= THE DATA =
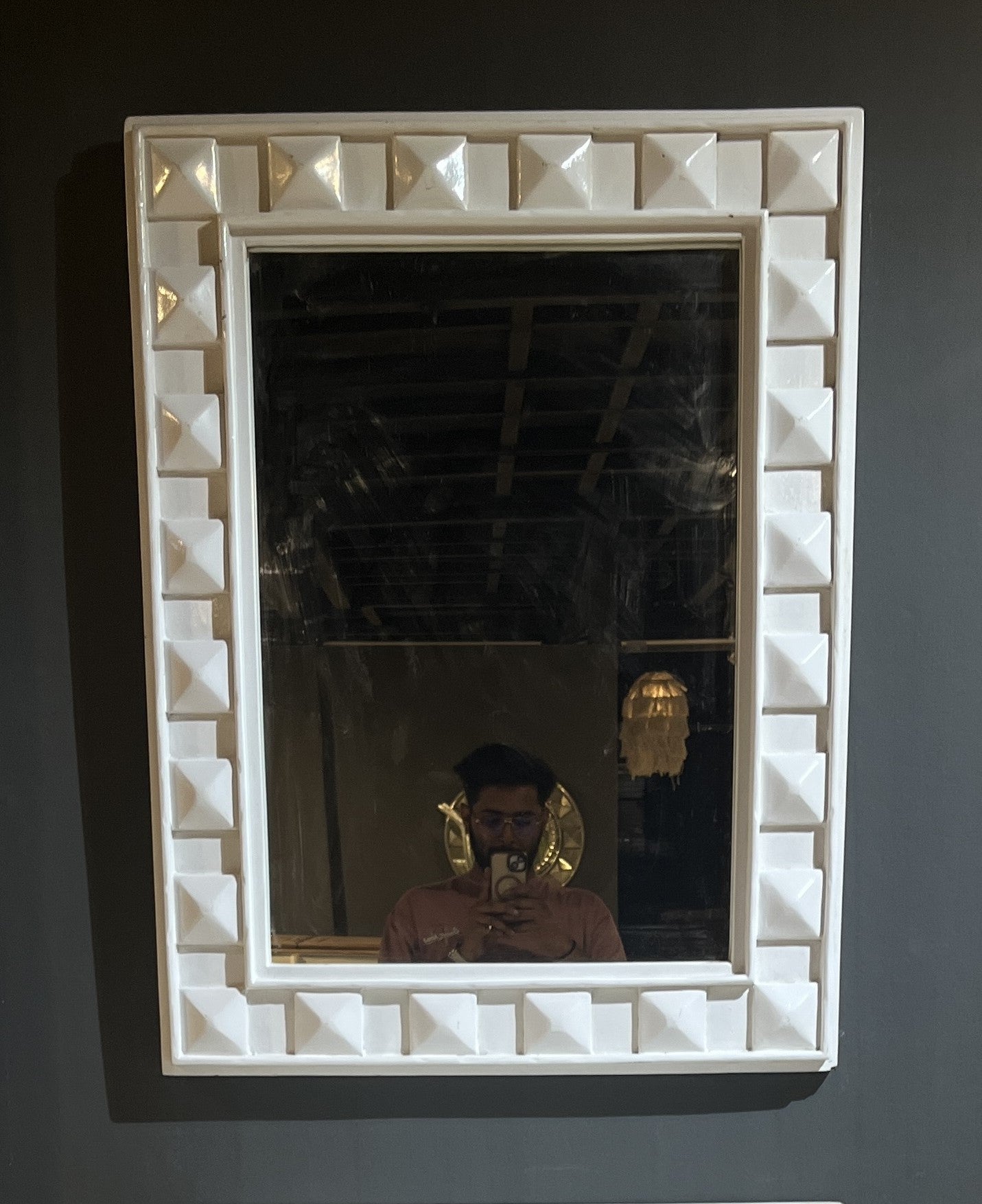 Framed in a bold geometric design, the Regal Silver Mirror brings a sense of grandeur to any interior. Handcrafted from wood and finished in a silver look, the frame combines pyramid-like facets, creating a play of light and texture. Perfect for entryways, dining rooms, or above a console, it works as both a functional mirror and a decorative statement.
---
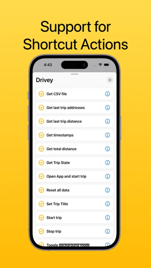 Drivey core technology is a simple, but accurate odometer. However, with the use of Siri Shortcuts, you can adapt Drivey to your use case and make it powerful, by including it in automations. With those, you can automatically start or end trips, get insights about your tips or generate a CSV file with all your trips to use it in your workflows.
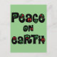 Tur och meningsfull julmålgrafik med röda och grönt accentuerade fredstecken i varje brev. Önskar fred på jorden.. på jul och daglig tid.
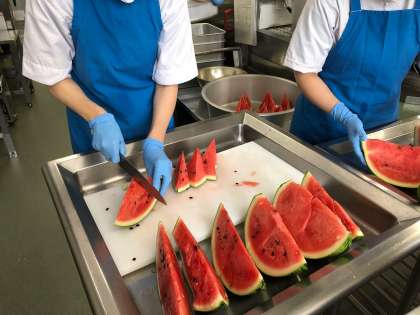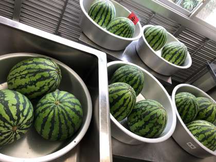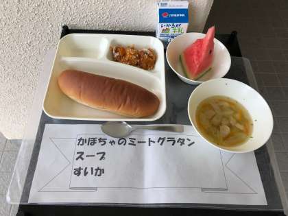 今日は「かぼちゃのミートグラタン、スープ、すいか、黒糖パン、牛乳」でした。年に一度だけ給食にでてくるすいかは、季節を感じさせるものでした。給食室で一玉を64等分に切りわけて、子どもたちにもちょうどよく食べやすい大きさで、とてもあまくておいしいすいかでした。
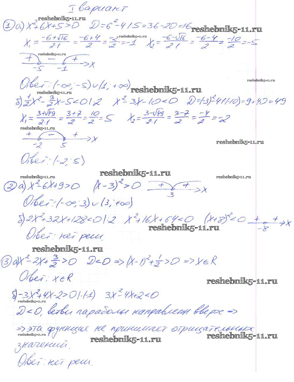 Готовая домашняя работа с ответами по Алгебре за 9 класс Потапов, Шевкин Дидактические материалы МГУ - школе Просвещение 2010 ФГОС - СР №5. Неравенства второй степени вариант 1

= EXERCISE =
In the entries above, find the line that contains "今日は「かぼちゃのミートグラ" and the line that contains "Готовая домашняя работа". Reproduce exactly those two lines and every line between them, but not the pictures.

= EXPECTED ANSWER =
 今日は「かぼちゃのミートグラタン、スープ、すいか、黒糖パン、牛乳」でした。年に一度だけ給食にでてくるすいかは、季節を感じさせるものでした。給食室で一玉を64等分に切りわけて、子どもたちにもちょうどよく食べやすい大きさで、とてもあまくておいしいすいかでした。
 Готовая домашняя работа с ответами по Алгебре за 9 класс Потапов, Шевкин Дидактические материалы МГУ - школе Просвещение 2010 ФГОС - СР №5. Неравенства второй степени вариант 1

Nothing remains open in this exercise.